RECORDS SHOWN:
+--

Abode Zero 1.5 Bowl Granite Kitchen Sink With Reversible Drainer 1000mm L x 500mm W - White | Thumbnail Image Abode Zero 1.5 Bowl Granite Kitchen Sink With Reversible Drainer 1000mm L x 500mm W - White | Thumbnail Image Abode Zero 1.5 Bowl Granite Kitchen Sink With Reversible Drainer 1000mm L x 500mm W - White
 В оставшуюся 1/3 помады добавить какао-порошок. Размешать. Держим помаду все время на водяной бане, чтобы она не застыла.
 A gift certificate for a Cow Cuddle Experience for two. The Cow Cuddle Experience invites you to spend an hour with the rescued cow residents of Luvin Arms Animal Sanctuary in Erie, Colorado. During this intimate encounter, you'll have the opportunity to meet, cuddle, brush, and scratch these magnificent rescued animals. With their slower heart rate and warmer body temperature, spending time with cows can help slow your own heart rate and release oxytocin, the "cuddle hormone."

+--

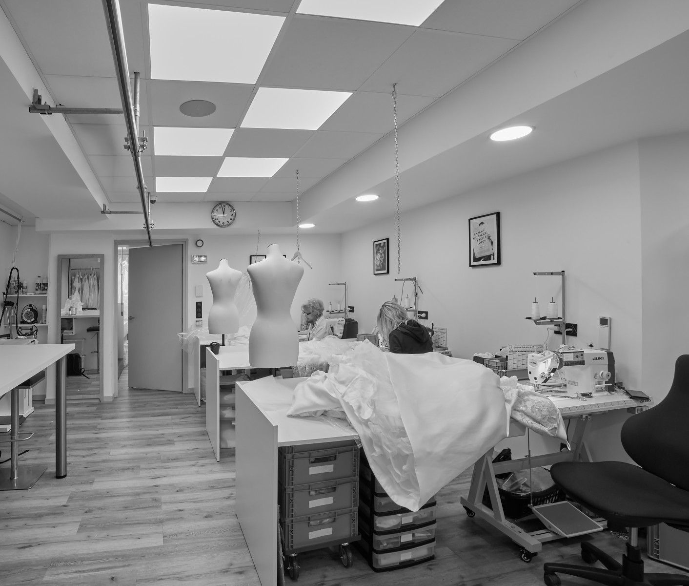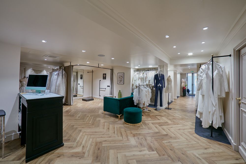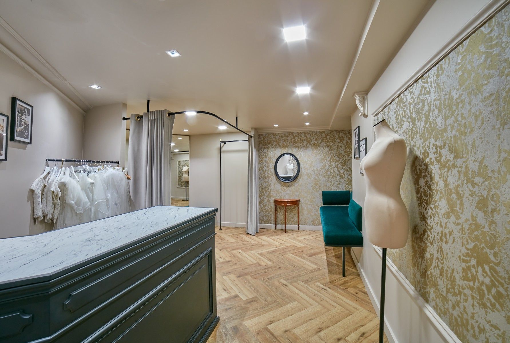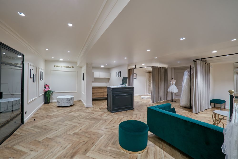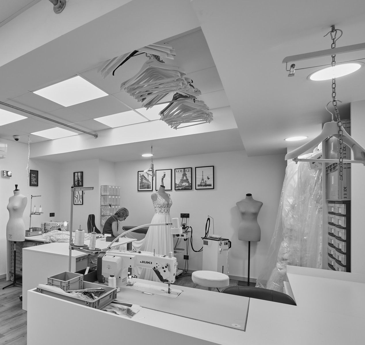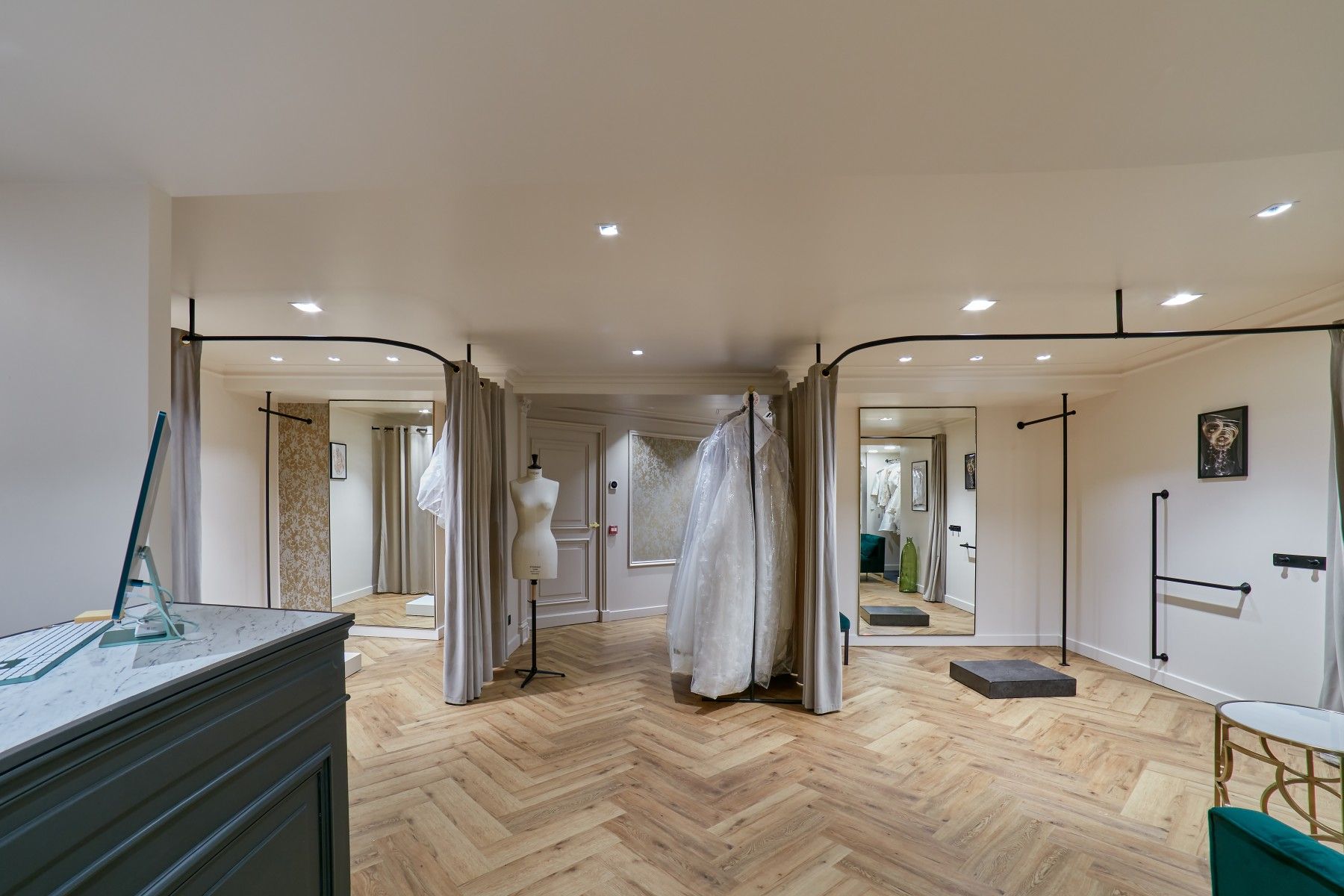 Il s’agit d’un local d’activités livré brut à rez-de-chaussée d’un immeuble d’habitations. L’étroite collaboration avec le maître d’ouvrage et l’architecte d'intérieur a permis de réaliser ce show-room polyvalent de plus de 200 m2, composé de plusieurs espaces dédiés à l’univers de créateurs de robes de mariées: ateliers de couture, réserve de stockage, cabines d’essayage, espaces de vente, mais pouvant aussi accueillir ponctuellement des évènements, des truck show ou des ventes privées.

+--

ABOUT THIS TASK: Among the lines above, return each one holding the string "With".

EXERCISE RESPONSE:
Abode Zero 1.5 Bowl Granite Kitchen Sink With Reversible Drainer 1000mm L x 500mm W - White | Thumbnail Image Abode Zero 1.5 Bowl Granite Kitchen Sink With Reversible Drainer 1000mm L x 500mm W - White | Thumbnail Image Abode Zero 1.5 Bowl Granite Kitchen Sink With Reversible Drainer 1000mm L x 500mm W - White
 A gift certificate for a Cow Cuddle Experience for two. The Cow Cuddle Experience invites you to spend an hour with the rescued cow residents of Luvin Arms Animal Sanctuary in Erie, Colorado. During this intimate encounter, you'll have the opportunity to meet, cuddle, brush, and scratch these magnificent rescued animals. With their slower heart rate and warmer body temperature, spending time with cows can help slow your own heart rate and release oxytocin, the "cuddle hormone."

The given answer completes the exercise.